Miércoles, 3 de febrero de 2021.
El Kalevala es el poema nacional de Finlandia. Este país estuvo sometido durante siglos al dominio de suecos y rusos, lo cual supuso que la lengua autóctona quedase relegada, sin consideración oficial. Existía una epopeya fragmentaria, una serie de canciones muy antiguas que se conservaban en los pueblos septentrionales y que, entre 1835 y 1849, compiló sistemáticamente el médico Elías Lönnrot. La primera versión del poema en finés fue traducida al sueco, idioma en el que la leyó el cónsul de España en Helsingfors, como entonces se llamaba la capital de Finlandia, hacia finales del XIX.
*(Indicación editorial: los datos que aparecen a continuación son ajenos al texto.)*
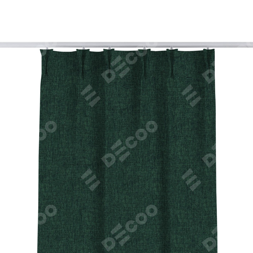 Комплект прямых штор, от производителя «Cortin», пошиты из ткани рогожка димаут тёмно-зелёный, артикул ткани 91022. С изнаночной стороны в верхней части штор пристрачивается шторная лента с декоративными складками «Кустик». Для создания элегантных складок прямые шторы шьются по стандарту с коэффициентом 1:2 (на 100 см. ширины проёма 200 см. ширины ткани).
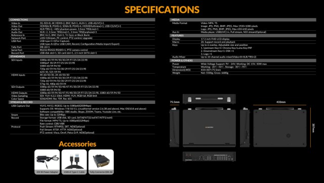AvMatrix Shark S8X Plus-NDI je vysoko výkonný 8-kanálový video prepínač určený na profesionálne živé vysielanie a produkciu videa. Je vybavený 17,3-palcovým displejom FHD IPS, podporuje šesť vstupov 3G-SDI a dva vstupy SDI/4K HDMI, ako aj flexibilné smerovanie viacerých zdrojov. Vďaka robustnej podpore streamovania RTMP(S), SRT, RTSP a NDI ponúka tento prepínač bezproblémové živé vysielanie. Obsahuje pokročilé funkcie videa, ako sú chroma kľúč, luma kľúč, tri prekryvy PIP, POP, DSK a prekrytie loga, spolu s plynulými prechodmi pomocou funkcií T-bar, auto alebo cut. Nahrávanie a prehrávanie je podporované prostredníctvom úložiska USB, karty SD alebo SATA. Zariadenie poskytuje aj profesionálny zvukový vstup XLR so 48V fantómovým napájaním, vstavaný video zvuk a všestranné možnosti výstupu. Medzi ďalšie funkcie patrí 8-kanálový systém ovládania PTZ, podpora makroskriptov a port GPIO pre tally, čo z neho robí špičkovú voľbu pre živé podujatia, štúdiá a vysielacie aplikácie.

En su obra Cartas finlandesas, el cónsul en cuestión, Ángel Ganivet, describe las circunstancias de la publicación del poema épico y ofrece un resumen de su contenido. Considera que esta epopeya puede ser colocada sin esfuerzo entre las mejores y expresa su deseo de contribuir a que España sea de las primeras naciones que tengan idea de tan notable monumento literario. De aquí que procurase a los lectores un breve extracto. Otro capítulo de las Cartas trata de una obra de Egron Sellif Lundgren, pintor sueco que en 1882 publicó un libro sobre un viaje que había hecho a España varias décadas antes. Ganivet lee la obra y asegura que merece ser conocida por los lectores españoles, entre otras razones porque los disparates que contiene son muy divertidos. Presenta una amplia selección de las graciosas distorsiones que sufre la realidad española tal como la observa Lundgren. Está claro que Ganivet se lo pasó en grande leyendo ese libro en su lengua original. La había aprendido con rapidez, bajo la dirección de una joven y bella viuda con la que se entendía en francés (lengua en la que él le escribió un pequeño cancionero). Y es que el diplomático y escritor tenía una prodigiosa capacidad para aprender lenguas. Dominaba el latín y el griego y parece ser que también el sánscrito, pues, aunque antes de dedicarse a la carrera diplomática había opositado a una cátedra de griego clásico que ganó Unamuno, su tesis doctoral de Filosofía y Letras se tituló Importancia de la lengua sánscrita y servicios que su estudio ha prestado a la ciencia del lenguaje en general y a la gramática comparada en particular. El conocimiento del sueco, que había preferido a los otros dos idiomas hablados en Finlandia, el finés y el ruso, se sumó así a los que ya poseía, aparte de las lenguas clásicas, el inglés, el francés y el alemán.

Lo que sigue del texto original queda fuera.